[DATA FOR THIS EXERCISE]:
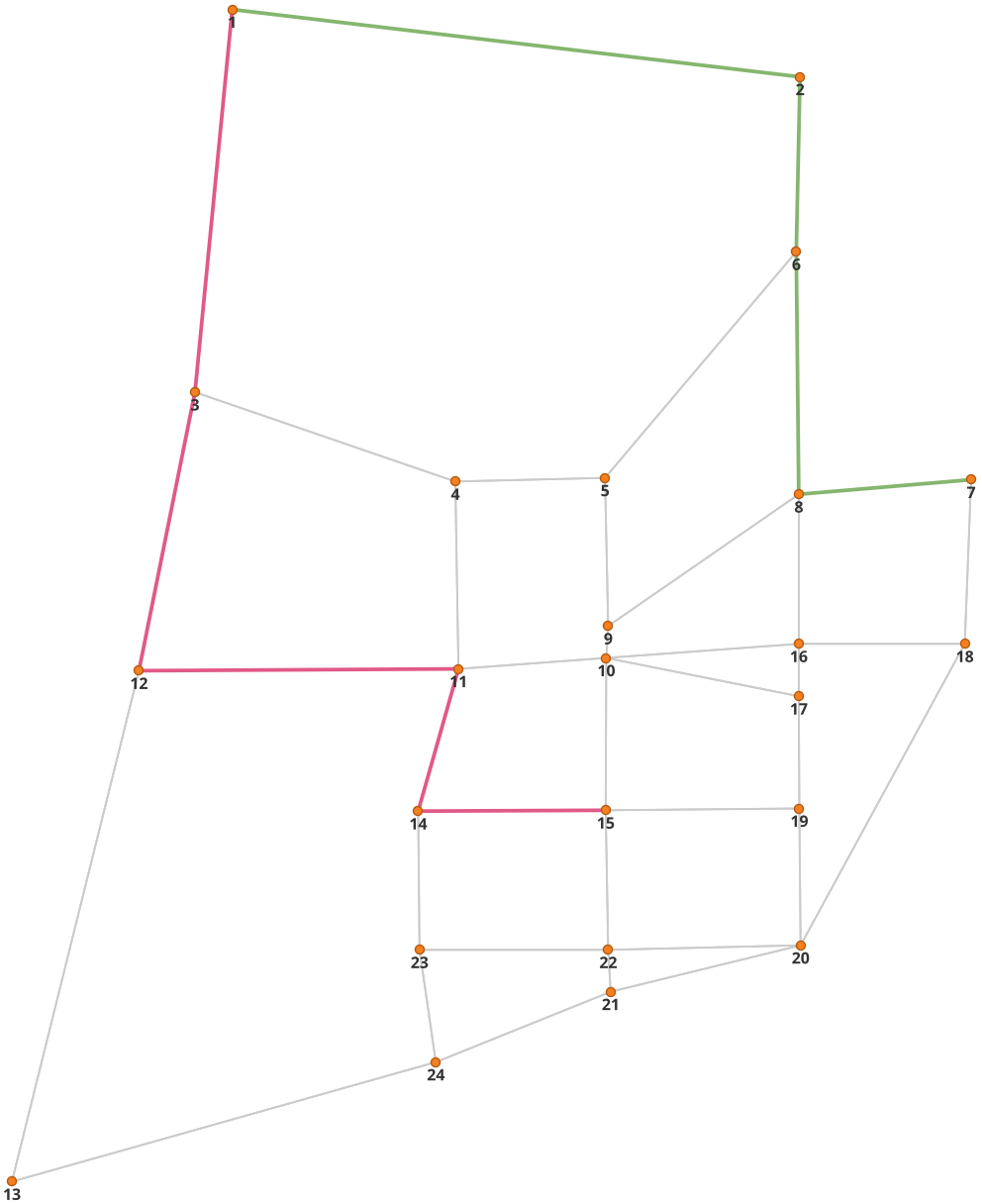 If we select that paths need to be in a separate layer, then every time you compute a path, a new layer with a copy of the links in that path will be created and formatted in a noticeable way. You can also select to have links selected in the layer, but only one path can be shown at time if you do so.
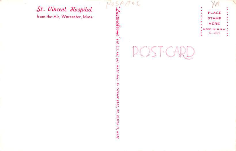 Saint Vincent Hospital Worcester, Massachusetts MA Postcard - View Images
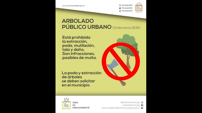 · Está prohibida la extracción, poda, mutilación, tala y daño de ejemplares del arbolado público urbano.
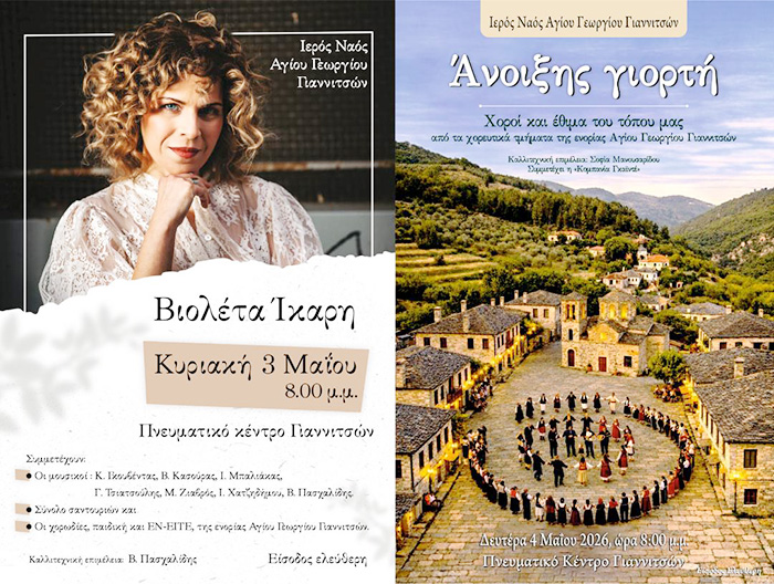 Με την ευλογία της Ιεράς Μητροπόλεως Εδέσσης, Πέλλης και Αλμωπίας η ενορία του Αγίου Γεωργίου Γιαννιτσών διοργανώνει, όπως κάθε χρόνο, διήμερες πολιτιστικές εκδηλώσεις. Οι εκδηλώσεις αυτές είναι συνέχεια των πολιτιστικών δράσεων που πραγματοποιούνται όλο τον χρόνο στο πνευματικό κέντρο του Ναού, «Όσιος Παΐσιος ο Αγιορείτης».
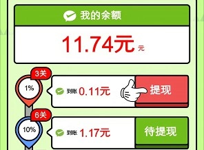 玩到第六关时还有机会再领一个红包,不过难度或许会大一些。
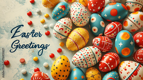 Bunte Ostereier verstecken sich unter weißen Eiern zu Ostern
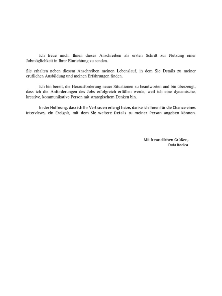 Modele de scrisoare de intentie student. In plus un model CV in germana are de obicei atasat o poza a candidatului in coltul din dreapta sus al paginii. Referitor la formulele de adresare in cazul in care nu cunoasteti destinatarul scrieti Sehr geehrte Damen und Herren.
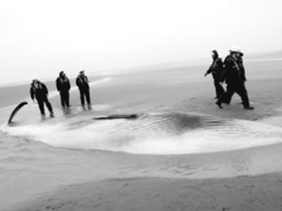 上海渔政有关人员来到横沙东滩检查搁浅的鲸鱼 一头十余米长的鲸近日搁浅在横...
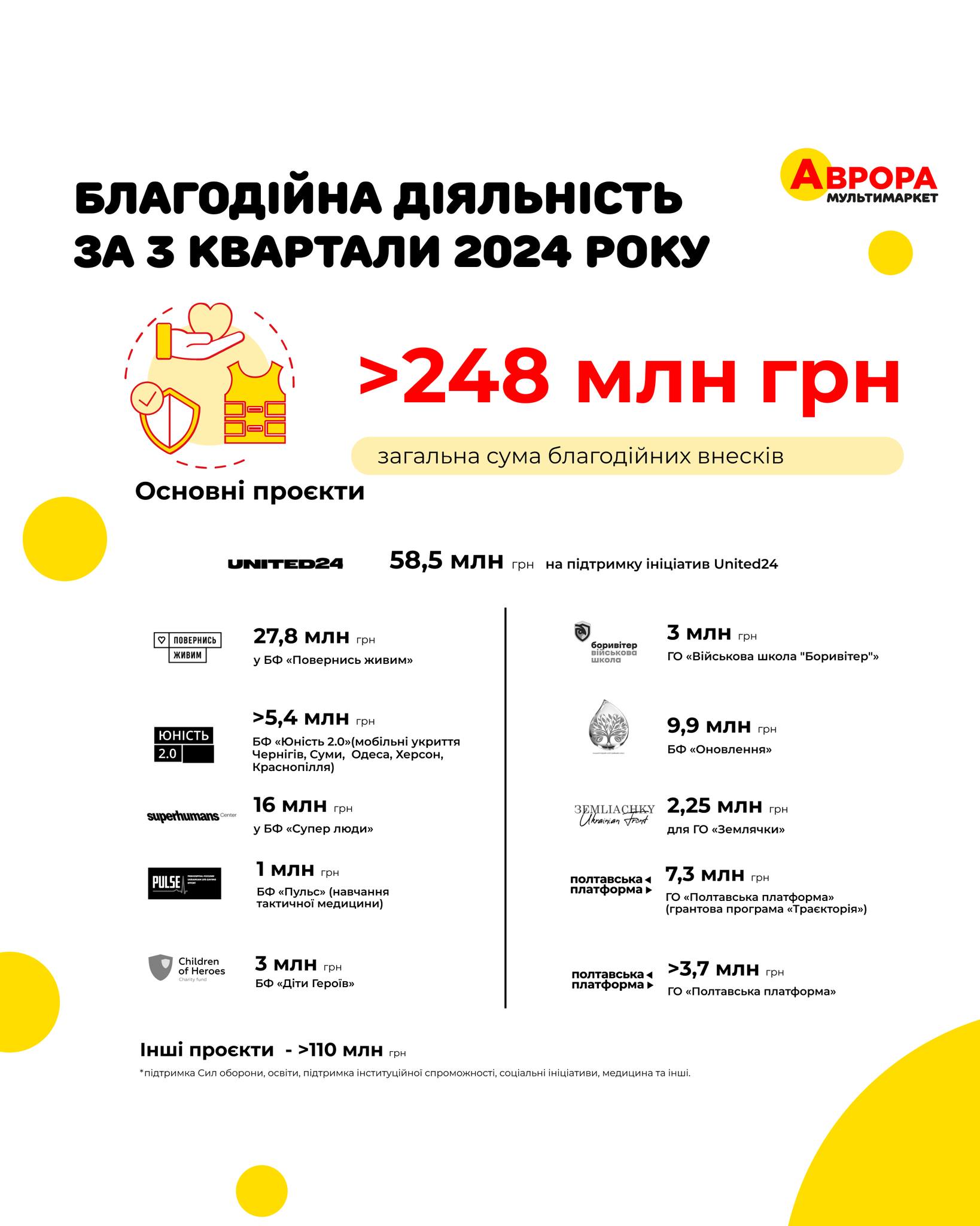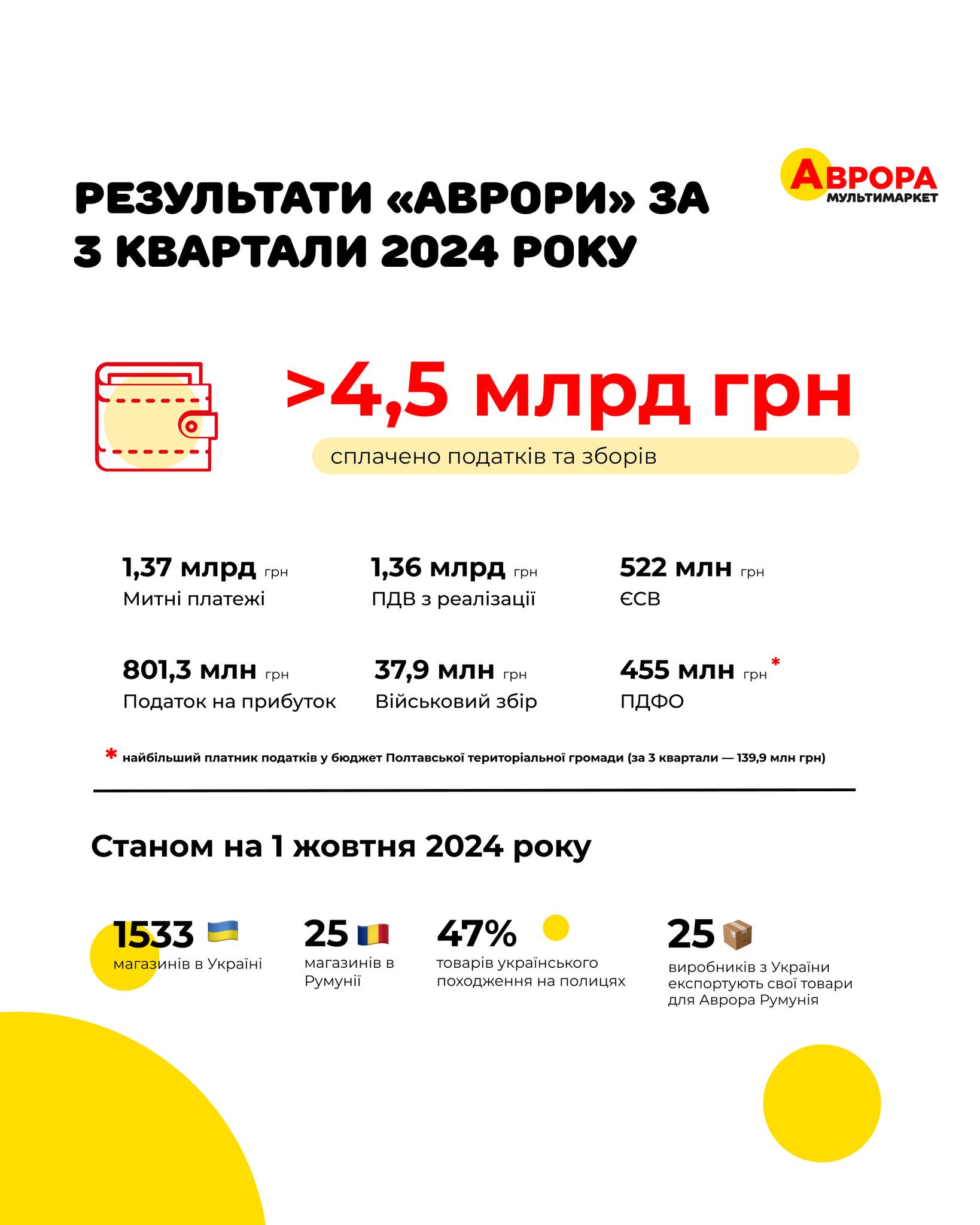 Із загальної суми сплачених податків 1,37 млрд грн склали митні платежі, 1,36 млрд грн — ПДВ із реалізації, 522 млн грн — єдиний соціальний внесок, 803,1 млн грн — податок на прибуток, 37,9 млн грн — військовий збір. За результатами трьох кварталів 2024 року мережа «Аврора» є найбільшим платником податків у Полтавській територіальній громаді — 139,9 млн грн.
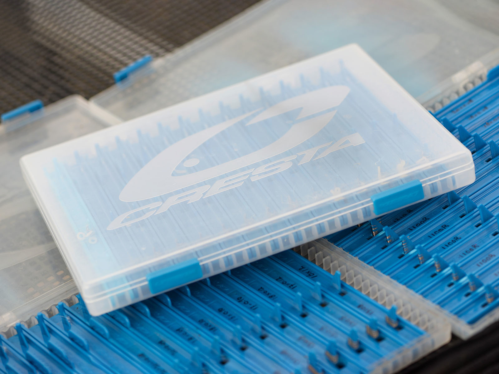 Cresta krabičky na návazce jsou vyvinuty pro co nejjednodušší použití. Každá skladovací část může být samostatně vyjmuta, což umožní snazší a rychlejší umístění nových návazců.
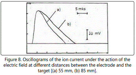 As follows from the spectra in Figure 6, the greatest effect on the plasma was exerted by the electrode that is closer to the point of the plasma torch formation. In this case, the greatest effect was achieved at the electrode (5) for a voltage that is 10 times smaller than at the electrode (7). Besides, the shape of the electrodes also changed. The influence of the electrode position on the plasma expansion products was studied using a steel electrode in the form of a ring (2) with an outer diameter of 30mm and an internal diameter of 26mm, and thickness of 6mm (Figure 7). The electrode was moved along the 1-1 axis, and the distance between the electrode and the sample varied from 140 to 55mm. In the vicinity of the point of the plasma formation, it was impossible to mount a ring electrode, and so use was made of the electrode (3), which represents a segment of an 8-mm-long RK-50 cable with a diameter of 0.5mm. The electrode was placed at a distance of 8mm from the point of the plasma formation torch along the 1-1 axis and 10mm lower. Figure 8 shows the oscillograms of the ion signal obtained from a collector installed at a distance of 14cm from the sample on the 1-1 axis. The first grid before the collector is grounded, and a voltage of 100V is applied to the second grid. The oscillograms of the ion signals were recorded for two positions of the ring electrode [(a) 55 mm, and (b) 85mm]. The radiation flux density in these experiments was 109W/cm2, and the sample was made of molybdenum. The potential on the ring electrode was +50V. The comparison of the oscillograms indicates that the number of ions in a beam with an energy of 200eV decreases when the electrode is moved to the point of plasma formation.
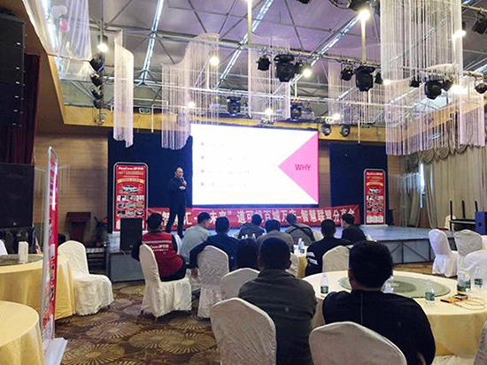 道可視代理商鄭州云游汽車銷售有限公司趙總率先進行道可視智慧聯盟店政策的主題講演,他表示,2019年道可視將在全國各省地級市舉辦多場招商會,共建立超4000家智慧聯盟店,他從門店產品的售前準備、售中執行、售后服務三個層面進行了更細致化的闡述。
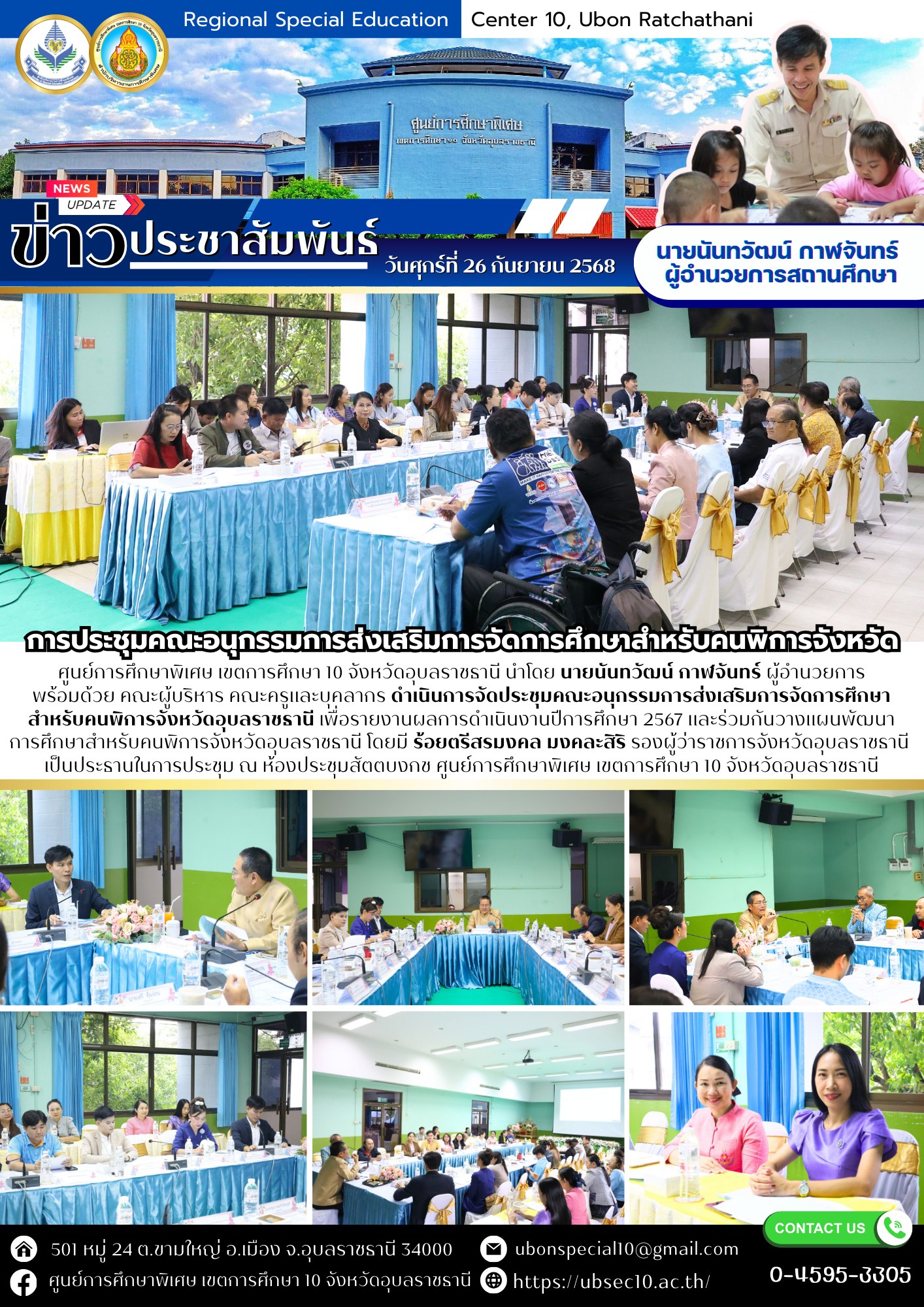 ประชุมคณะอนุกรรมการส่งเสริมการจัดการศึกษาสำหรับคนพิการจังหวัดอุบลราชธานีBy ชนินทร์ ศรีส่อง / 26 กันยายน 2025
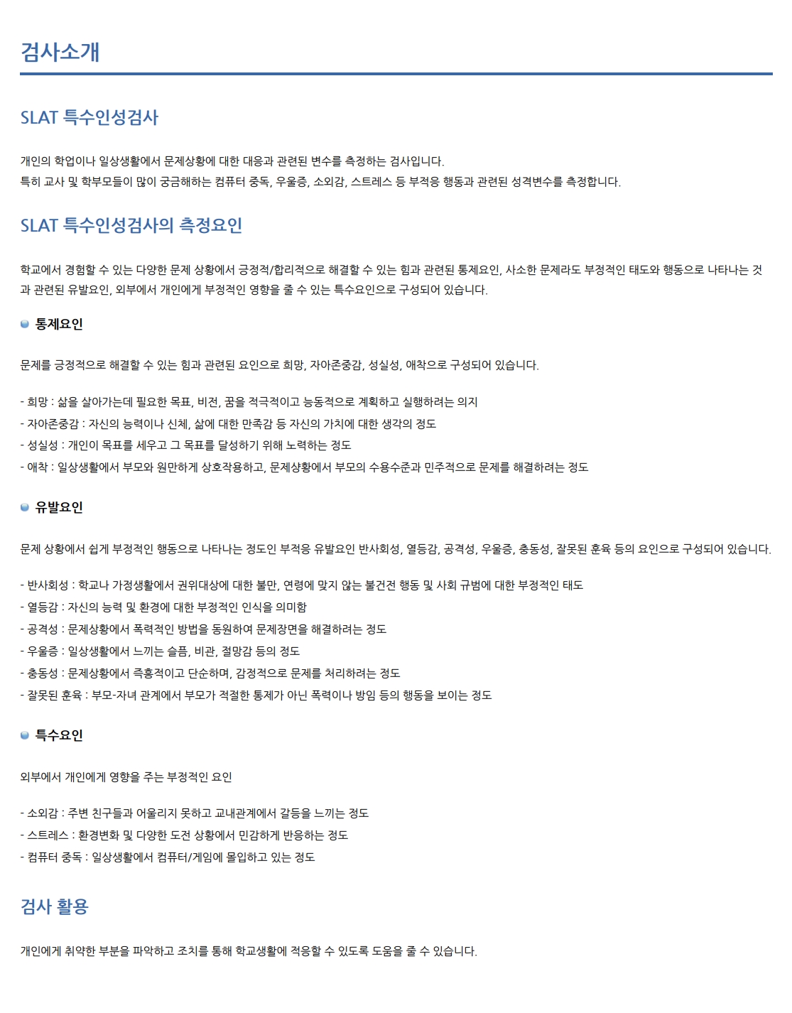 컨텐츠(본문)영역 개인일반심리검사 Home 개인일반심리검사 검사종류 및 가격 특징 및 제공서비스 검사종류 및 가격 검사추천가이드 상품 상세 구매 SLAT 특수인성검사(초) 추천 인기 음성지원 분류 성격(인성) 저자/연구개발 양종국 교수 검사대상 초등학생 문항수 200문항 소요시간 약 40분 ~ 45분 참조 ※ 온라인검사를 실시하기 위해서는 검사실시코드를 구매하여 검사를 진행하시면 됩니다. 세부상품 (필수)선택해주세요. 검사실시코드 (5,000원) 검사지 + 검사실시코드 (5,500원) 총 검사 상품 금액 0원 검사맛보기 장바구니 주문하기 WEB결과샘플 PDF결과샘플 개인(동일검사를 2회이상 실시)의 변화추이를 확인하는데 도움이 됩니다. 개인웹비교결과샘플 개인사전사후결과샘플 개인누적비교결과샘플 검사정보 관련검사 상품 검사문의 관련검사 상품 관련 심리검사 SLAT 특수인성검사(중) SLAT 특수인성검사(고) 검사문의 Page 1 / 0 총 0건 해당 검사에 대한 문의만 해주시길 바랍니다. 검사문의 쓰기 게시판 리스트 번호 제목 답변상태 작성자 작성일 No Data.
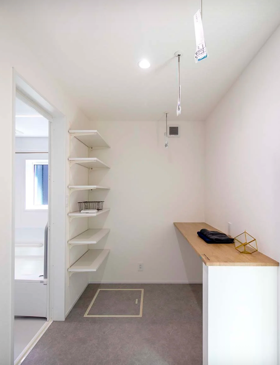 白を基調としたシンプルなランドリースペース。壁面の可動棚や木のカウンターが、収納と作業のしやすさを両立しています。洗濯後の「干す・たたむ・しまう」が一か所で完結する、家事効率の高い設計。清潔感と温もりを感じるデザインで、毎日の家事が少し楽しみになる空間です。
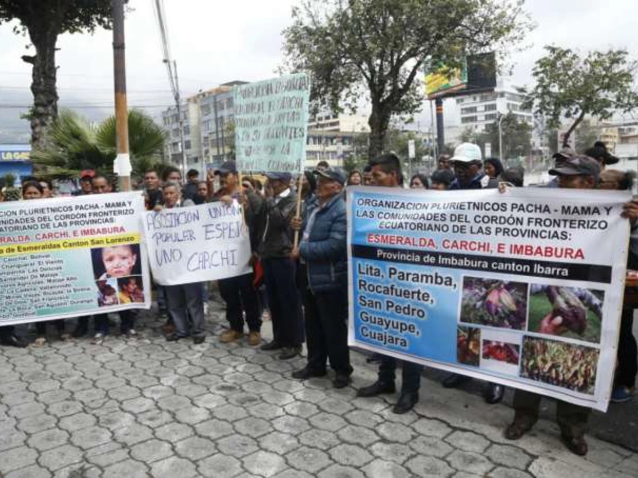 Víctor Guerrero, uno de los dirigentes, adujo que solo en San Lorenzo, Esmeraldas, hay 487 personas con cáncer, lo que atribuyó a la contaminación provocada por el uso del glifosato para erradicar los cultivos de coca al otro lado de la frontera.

[WHAT YOU WILL DO]: In the records above, find the line with "Bunte Ostereier verstecken" and the line with "上海渔政有关人员来到横沙东滩检查搁浅的鲸鱼 一头十余米长的鲸近日搁浅在横...", then restate word for word only those two lines and all lines between, omitting pictures.

[SOLVED PROBLEM]:
 Bunte Ostereier verstecken sich unter weißen Eiern zu Ostern
 Modele de scrisoare de intentie student. In plus un model CV in germana are de obicei atasat o poza a candidatului in coltul din dreapta sus al paginii. Referitor la formulele de adresare in cazul in care nu cunoasteti destinatarul scrieti Sehr geehrte Damen und Herren.
 上海渔政有关人员来到横沙东滩检查搁浅的鲸鱼 一头十余米长的鲸近日搁浅在横...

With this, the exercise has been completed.